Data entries
┌────────
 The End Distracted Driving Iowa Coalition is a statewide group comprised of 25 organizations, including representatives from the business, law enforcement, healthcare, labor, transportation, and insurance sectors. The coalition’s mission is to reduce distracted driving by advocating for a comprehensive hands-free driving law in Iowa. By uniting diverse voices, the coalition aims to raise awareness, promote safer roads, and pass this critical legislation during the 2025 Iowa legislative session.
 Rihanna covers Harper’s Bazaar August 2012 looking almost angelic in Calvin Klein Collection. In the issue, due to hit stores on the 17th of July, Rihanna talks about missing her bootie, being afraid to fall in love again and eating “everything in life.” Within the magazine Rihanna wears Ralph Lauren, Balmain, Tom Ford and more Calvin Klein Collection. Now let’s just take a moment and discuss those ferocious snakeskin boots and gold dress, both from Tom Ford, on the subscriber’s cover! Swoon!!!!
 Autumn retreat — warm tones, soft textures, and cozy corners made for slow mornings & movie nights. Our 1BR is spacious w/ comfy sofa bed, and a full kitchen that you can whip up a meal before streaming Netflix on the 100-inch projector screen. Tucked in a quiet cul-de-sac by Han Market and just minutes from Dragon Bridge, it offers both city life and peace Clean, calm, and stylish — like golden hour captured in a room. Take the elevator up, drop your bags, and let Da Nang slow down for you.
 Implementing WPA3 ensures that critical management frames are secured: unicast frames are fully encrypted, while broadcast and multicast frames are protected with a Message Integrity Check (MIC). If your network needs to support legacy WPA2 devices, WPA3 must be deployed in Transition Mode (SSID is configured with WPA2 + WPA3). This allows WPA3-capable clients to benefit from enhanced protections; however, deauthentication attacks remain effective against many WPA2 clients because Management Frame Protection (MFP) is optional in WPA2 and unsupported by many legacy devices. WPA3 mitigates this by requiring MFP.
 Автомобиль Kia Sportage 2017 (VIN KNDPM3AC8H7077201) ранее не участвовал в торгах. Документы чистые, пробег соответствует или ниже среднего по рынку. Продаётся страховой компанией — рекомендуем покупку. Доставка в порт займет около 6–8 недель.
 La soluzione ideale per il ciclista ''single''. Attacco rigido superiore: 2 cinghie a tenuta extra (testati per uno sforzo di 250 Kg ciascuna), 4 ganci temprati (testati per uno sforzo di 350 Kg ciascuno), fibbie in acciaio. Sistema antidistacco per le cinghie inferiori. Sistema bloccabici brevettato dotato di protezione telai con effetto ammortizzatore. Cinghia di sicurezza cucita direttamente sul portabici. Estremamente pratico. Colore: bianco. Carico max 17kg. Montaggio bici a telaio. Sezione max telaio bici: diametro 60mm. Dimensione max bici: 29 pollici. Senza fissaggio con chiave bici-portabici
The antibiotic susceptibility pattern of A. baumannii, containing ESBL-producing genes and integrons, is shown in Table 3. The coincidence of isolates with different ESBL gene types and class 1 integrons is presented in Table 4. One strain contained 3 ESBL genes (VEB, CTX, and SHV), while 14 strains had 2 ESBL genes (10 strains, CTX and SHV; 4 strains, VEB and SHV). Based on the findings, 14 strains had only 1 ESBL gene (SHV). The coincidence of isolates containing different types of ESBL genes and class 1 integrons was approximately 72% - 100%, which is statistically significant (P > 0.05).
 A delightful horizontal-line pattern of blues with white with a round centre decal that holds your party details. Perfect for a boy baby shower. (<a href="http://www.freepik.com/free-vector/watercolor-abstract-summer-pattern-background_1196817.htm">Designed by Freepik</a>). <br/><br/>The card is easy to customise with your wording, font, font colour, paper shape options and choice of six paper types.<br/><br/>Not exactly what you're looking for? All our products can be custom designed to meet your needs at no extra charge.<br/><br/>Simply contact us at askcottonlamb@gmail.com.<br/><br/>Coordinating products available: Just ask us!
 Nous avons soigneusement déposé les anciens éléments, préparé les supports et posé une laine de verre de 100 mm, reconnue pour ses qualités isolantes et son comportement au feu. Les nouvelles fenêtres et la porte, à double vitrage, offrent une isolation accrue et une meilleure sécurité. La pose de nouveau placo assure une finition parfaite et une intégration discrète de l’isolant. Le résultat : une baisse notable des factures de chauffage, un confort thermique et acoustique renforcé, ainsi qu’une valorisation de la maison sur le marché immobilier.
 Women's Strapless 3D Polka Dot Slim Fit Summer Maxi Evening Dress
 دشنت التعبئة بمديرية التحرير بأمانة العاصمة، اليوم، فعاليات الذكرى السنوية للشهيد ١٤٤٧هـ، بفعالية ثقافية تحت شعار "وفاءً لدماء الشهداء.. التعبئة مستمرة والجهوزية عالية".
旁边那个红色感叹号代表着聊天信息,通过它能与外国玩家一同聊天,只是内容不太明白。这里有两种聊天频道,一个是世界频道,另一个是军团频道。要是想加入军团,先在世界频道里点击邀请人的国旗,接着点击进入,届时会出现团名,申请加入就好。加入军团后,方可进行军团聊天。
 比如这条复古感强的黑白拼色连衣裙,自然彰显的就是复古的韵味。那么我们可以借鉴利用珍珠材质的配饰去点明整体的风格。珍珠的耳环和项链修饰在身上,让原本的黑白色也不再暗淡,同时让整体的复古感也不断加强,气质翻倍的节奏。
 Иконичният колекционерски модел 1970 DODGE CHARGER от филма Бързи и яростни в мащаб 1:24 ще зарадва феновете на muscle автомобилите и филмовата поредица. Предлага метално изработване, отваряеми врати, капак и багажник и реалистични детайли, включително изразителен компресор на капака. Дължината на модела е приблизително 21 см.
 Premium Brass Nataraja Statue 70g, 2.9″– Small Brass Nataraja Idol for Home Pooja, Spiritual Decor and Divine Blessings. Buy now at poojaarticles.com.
└────────
*Work instruction*: Beginning at the top of the records above, transcribe each line exactly up to and including the line that holds "Autumn retreat —".

*Solution for this task*:
 The End Distracted Driving Iowa Coalition is a statewide group comprised of 25 organizations, including representatives from the business, law enforcement, healthcare, labor, transportation, and insurance sectors. The coalition’s mission is to reduce distracted driving by advocating for a comprehensive hands-free driving law in Iowa. By uniting diverse voices, the coalition aims to raise awareness, promote safer roads, and pass this critical legislation during the 2025 Iowa legislative session.
 Rihanna covers Harper’s Bazaar August 2012 looking almost angelic in Calvin Klein Collection. In the issue, due to hit stores on the 17th of July, Rihanna talks about missing her bootie, being afraid to fall in love again and eating “everything in life.” Within the magazine Rihanna wears Ralph Lauren, Balmain, Tom Ford and more Calvin Klein Collection. Now let’s just take a moment and discuss those ferocious snakeskin boots and gold dress, both from Tom Ford, on the subscriber’s cover! Swoon!!!!
 Autumn retreat — warm tones, soft textures, and cozy corners made for slow mornings & movie nights. Our 1BR is spacious w/ comfy sofa bed, and a full kitchen that you can whip up a meal before streaming Netflix on the 100-inch projector screen. Tucked in a quiet cul-de-sac by Han Market and just minutes from Dragon Bridge, it offers both city life and peace Clean, calm, and stylish — like golden hour captured in a room. Take the elevator up, drop your bags, and let Da Nang slow down for you.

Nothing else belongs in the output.